Talk over the weekend of a possible ban on Russian energy exports from the US and its allies sent commodity markets higher initially, underpinning AUD/USD, although Germany and Japan have opposed the idea of ​​a boycott of imports from Russia. That seemed to take the breath away from the rally in commodities and thus also the Australian dollar, as well as the news that the foreign ministers of Russia and Ukraine will meet in Turkey later this week.

The Russian government’s rhetoric regarding the demands it wants Ukraine to meet if there is to be a ceasefire remains maximalist, meaning that hopes of meaningful de-escalation remain slim. Furthermore, amid fierce Ukrainian resistance and severe logistical shortcomings, Russian forces appear to be struggling to gain ground in Ukraine. Hence the recent change in tactics towards indiscriminate heavy artillery bombardment, a change in tactics that could intensify. As Western nations watch in horror, the risk of harsher and more disruptive sanctions being imposed remains high.

For the Australian dollar, that suggests that upside risks are likely to remain intact. Comments from RBA Governor Philip Lowe and Lieutenant Governor Guy Debelle this week will be interesting (how does the RBA interpret recent events and how does this affect the policy outlook?), but will play second fiddle to macro/ geopolitical. The same can be said for the US consumer price inflation data (for February) released on Thursday and the consumer sentiment data for March on Friday – interesting and important to watch, but nonetheless unlikely to dictate price action.

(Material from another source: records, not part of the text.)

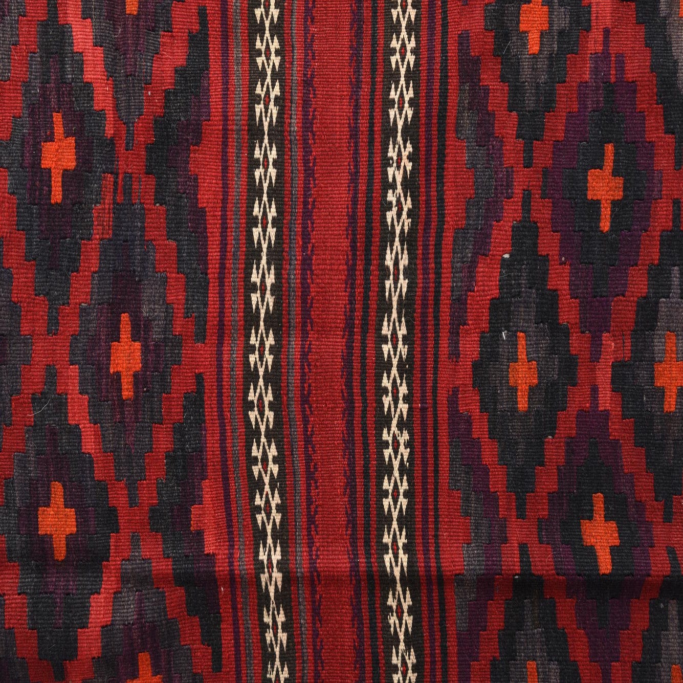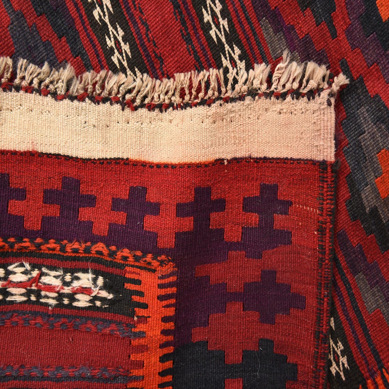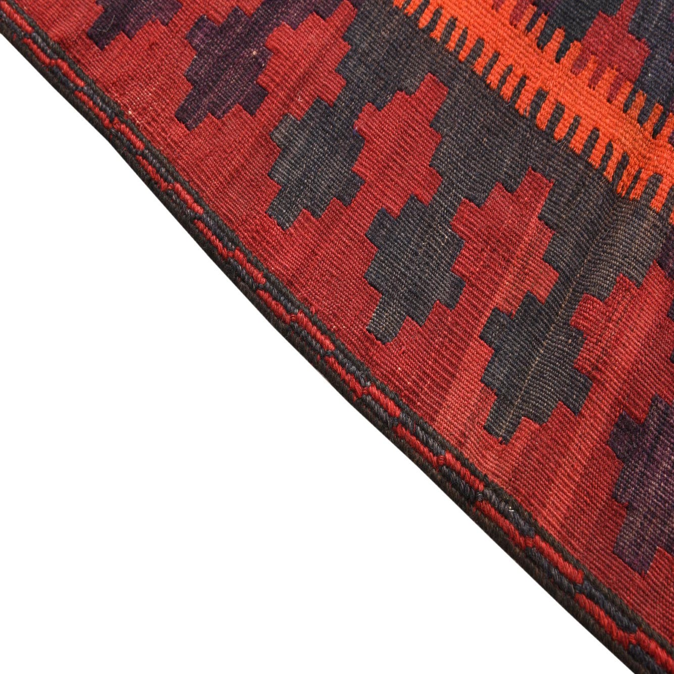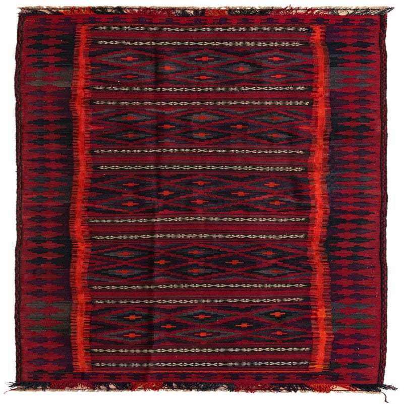 The Kilim Fars collection presents a hand-woven 100% wool runner, notable for its durable craftsmanship and timeless design. Spanning 4x11 feet, this semi-antique piece is approximately 40-60 years old, adding a touch of historical depth to its aesthetic appeal. The rug features a dominant burgundy background, complemented by a palette of black, ivory, olive, purple, and gray. The interplay of these colors creates a visually striking geometric pattern that is characteristic of traditional Kilim designs.
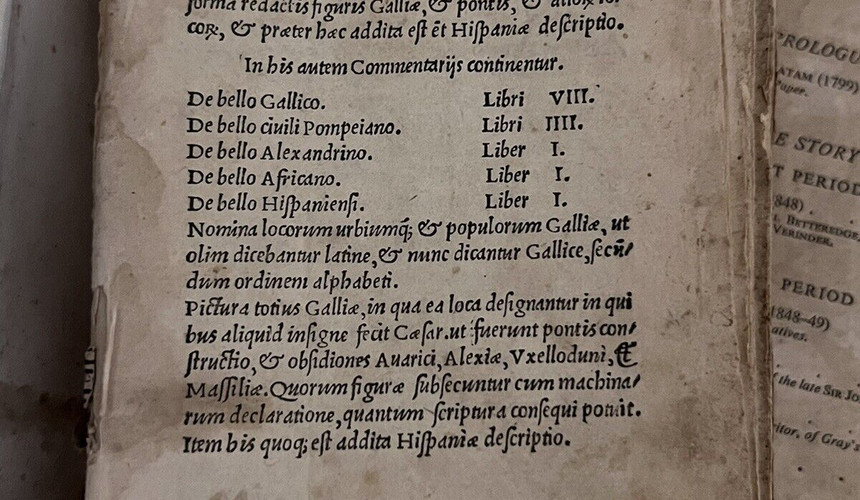 Julius Gaius Caesar: Commentaria Caesaris prius a locundo impressioni data, posterius a nobis diligentissime reuisa, et cum exeplaribus eiusde collata, restitutis omnibus locis, quae per incuriam ab ijs quiea impressere, uel relicta uel errata fuerunt, sic ut ne qdenunn iota ear castigation desit in nostris. Et ut par fuerat, in fine totius operis, repositis et etia in melioren forma redactis figuris Galliae, et pontis, et alior locor, et praeter hoc addita est et Hispaniae descripto.
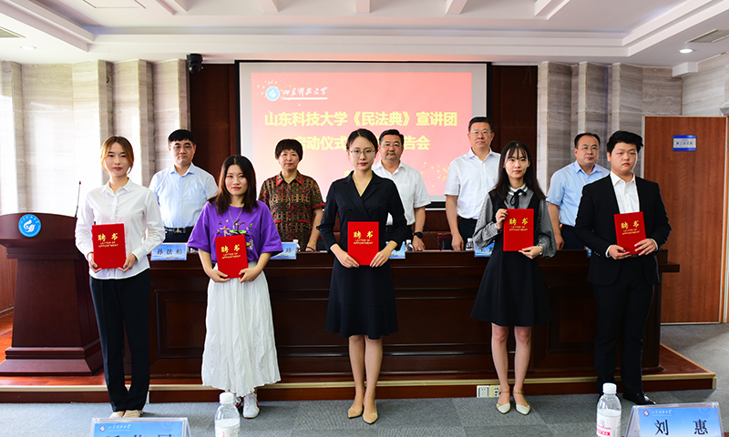在宣讲团成立启动仪式上,伟德bv国际体育党委副书记尹华代表学校致辞,伟德bv国际体育党委常委、宣传部部长李克周宣读《关于成立伟德bv国际体育〈中华人民共和国民法典〉宣讲团开展宣讲活动的通知》,青岛市黄岛区人民法院党组书记、院长王光金,青岛西海岸新区司法局党委委员、副局长张光珍到会祝贺并讲话。成立仪式上,有关领导为宣讲团教师和学生代表颁发了聘书。
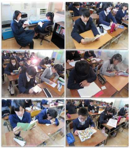 画像左上は、読書タイムの音楽を流す図書委員です。
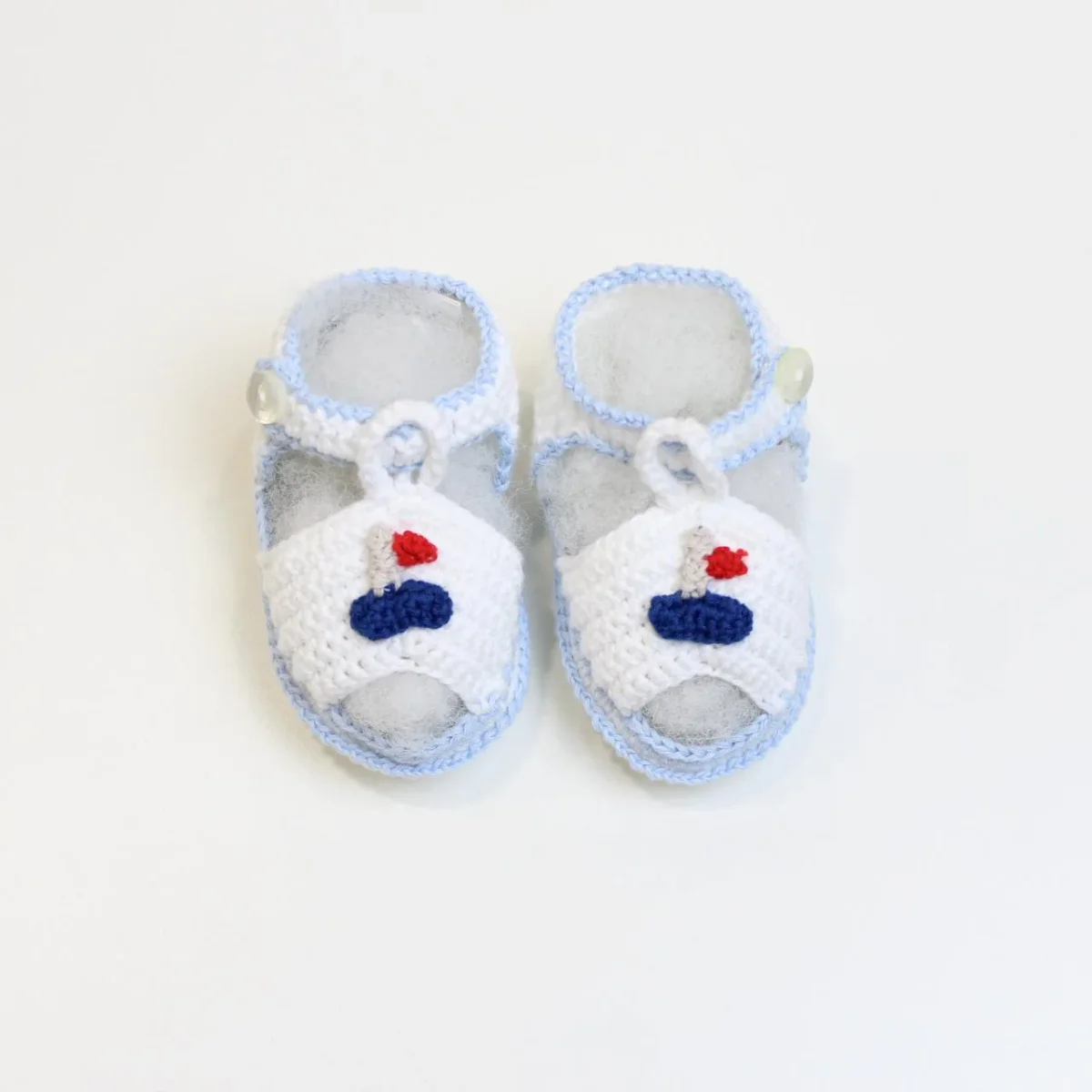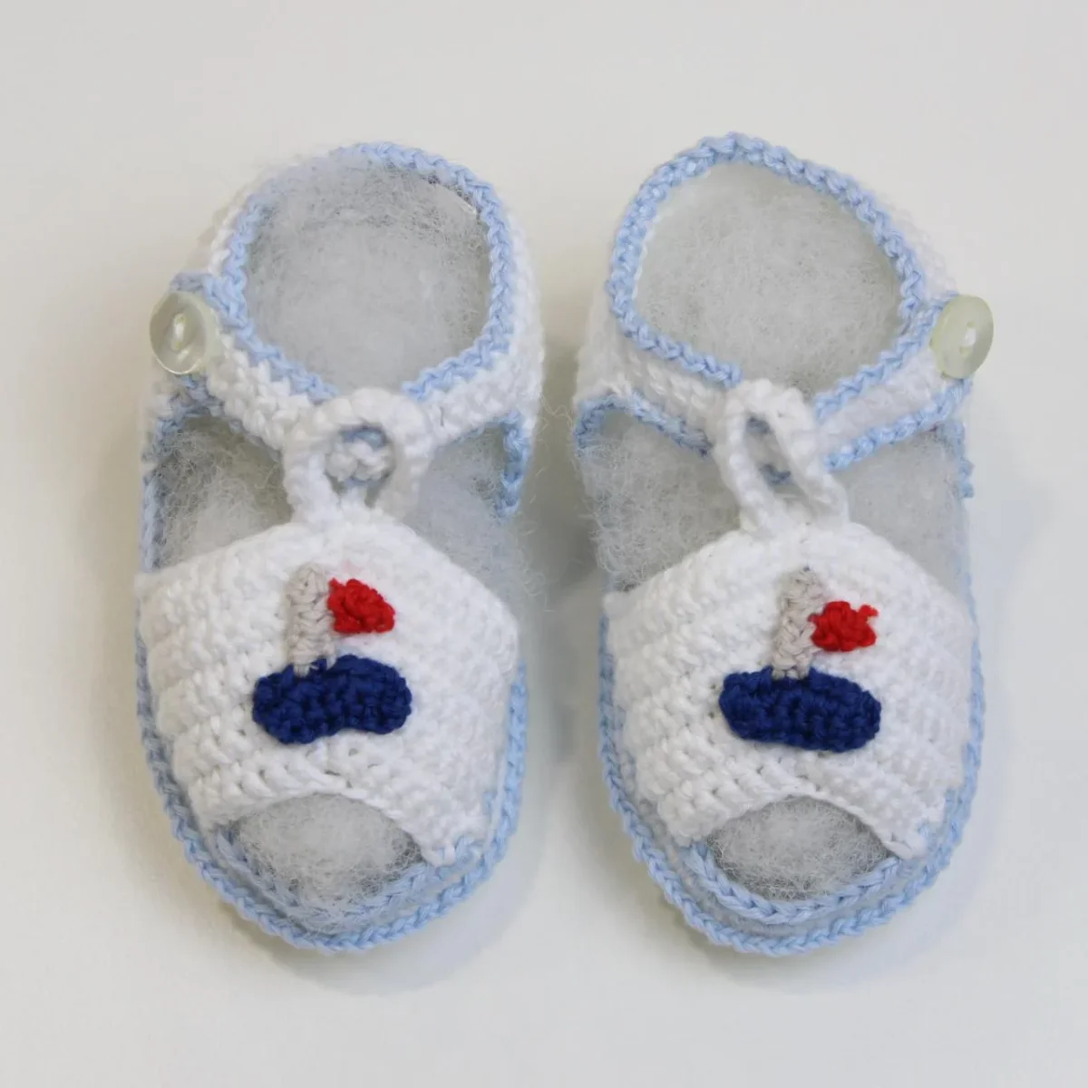 Scarpina neonato Piccola Giuggiola, in cotone, dettagli ricamati in contrasto e chiusura con bottoncini laterali.

Provided there is no massive collapse in risk appetite triggering a flight into US dollars (i.e. fears of a nuclear escalation between NATO and Russia) and as long as the recent uptrend in commodities continues, the AUD/USD could be headed towards its Q4 2021 highs in the 0.7550 area in the coming weeks. Dips towards support in the form of the January high in the 0.7300 area may well be an attractive entry point for some medium-term bulls.